Data to examine ▸
__________
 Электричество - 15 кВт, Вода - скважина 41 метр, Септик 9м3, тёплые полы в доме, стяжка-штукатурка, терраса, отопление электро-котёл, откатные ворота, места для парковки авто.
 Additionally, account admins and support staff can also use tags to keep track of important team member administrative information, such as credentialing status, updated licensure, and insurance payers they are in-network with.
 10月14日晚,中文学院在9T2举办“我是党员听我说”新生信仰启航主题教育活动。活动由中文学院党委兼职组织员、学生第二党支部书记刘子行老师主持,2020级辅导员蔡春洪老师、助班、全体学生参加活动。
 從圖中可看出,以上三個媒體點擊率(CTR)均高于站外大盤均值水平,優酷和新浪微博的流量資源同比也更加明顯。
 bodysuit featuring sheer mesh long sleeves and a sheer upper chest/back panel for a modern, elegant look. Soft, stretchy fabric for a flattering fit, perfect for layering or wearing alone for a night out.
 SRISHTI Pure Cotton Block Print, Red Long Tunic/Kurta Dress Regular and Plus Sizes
__________
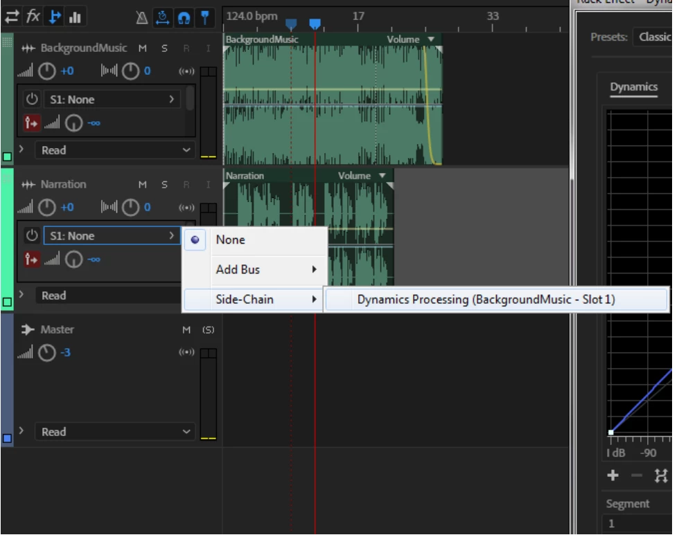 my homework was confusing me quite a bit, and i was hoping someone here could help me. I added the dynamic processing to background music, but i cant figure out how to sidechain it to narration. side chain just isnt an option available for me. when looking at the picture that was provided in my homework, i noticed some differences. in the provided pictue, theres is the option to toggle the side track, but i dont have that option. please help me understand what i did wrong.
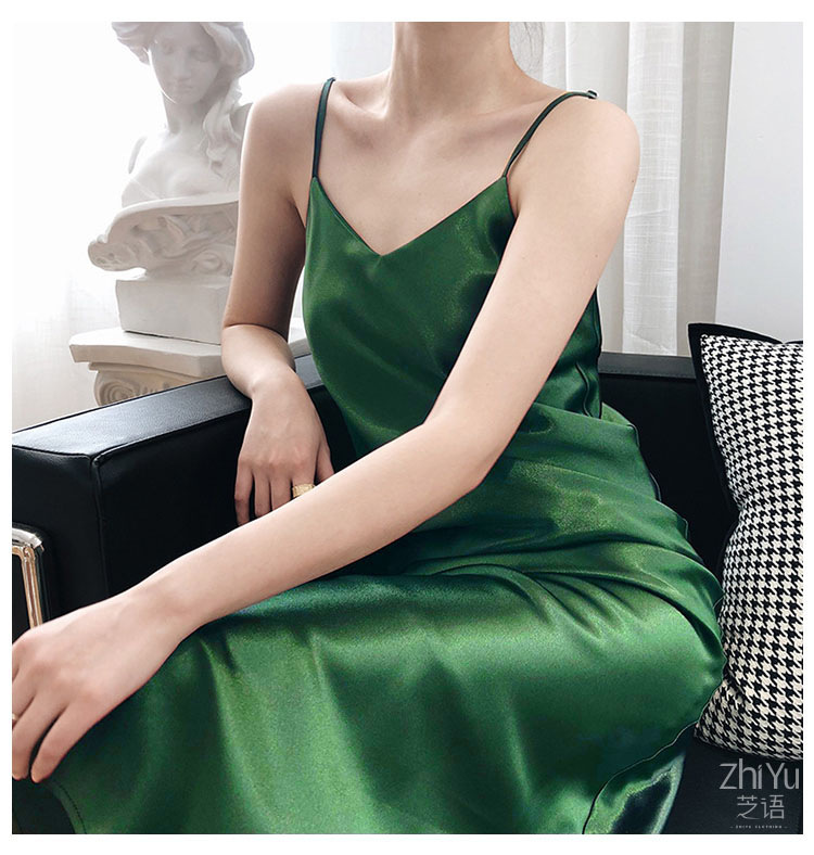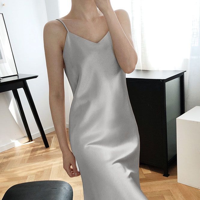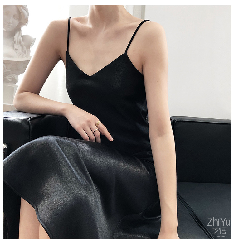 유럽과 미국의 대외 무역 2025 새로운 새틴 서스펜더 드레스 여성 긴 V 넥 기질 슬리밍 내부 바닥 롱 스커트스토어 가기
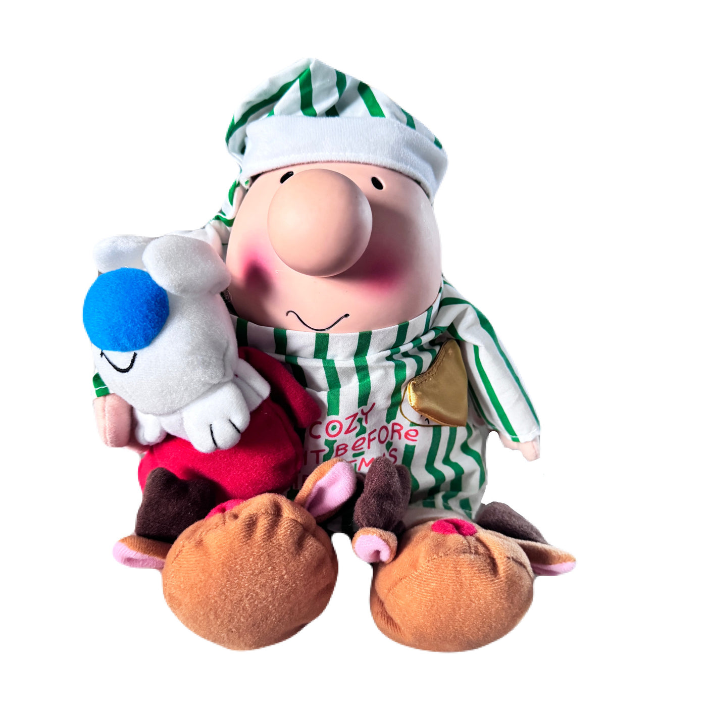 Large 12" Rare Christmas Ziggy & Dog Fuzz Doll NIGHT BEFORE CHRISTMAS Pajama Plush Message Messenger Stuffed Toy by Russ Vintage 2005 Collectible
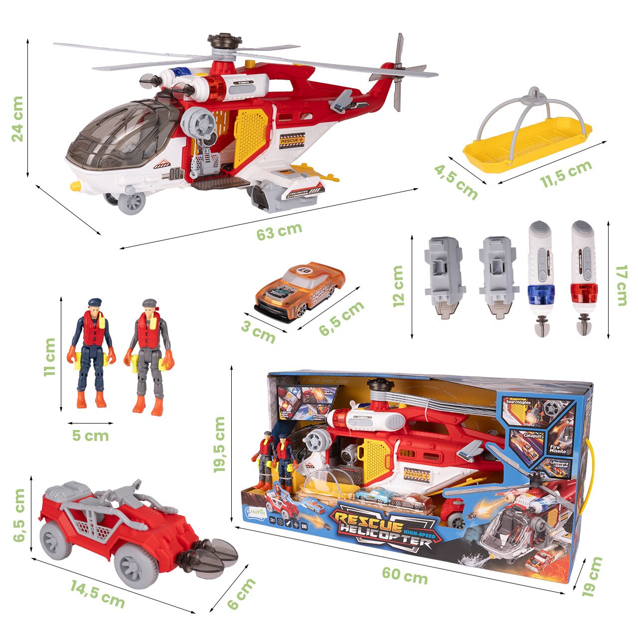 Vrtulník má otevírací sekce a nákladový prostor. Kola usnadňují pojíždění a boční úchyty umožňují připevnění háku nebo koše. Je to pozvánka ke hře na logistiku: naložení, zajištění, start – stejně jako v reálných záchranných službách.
__________
Your instructions ▸ Find where the line with "Электричество - 15 к" sits in the material above, then copy exactly from it through the line with "SRISHTI Pure Cotton". Add no other line.

Exercise output ▸
 Электричество - 15 кВт, Вода - скважина 41 метр, Септик 9м3, тёплые полы в доме, стяжка-штукатурка, терраса, отопление электро-котёл, откатные ворота, места для парковки авто.
 Additionally, account admins and support staff can also use tags to keep track of important team member administrative information, such as credentialing status, updated licensure, and insurance payers they are in-network with.
 10月14日晚,中文学院在9T2举办“我是党员听我说”新生信仰启航主题教育活动。活动由中文学院党委兼职组织员、学生第二党支部书记刘子行老师主持,2020级辅导员蔡春洪老师、助班、全体学生参加活动。
 從圖中可看出,以上三個媒體點擊率(CTR)均高于站外大盤均值水平,優酷和新浪微博的流量資源同比也更加明顯。
 bodysuit featuring sheer mesh long sleeves and a sheer upper chest/back panel for a modern, elegant look. Soft, stretchy fabric for a flattering fit, perfect for layering or wearing alone for a night out.
 SRISHTI Pure Cotton Block Print, Red Long Tunic/Kurta Dress Regular and Plus Sizes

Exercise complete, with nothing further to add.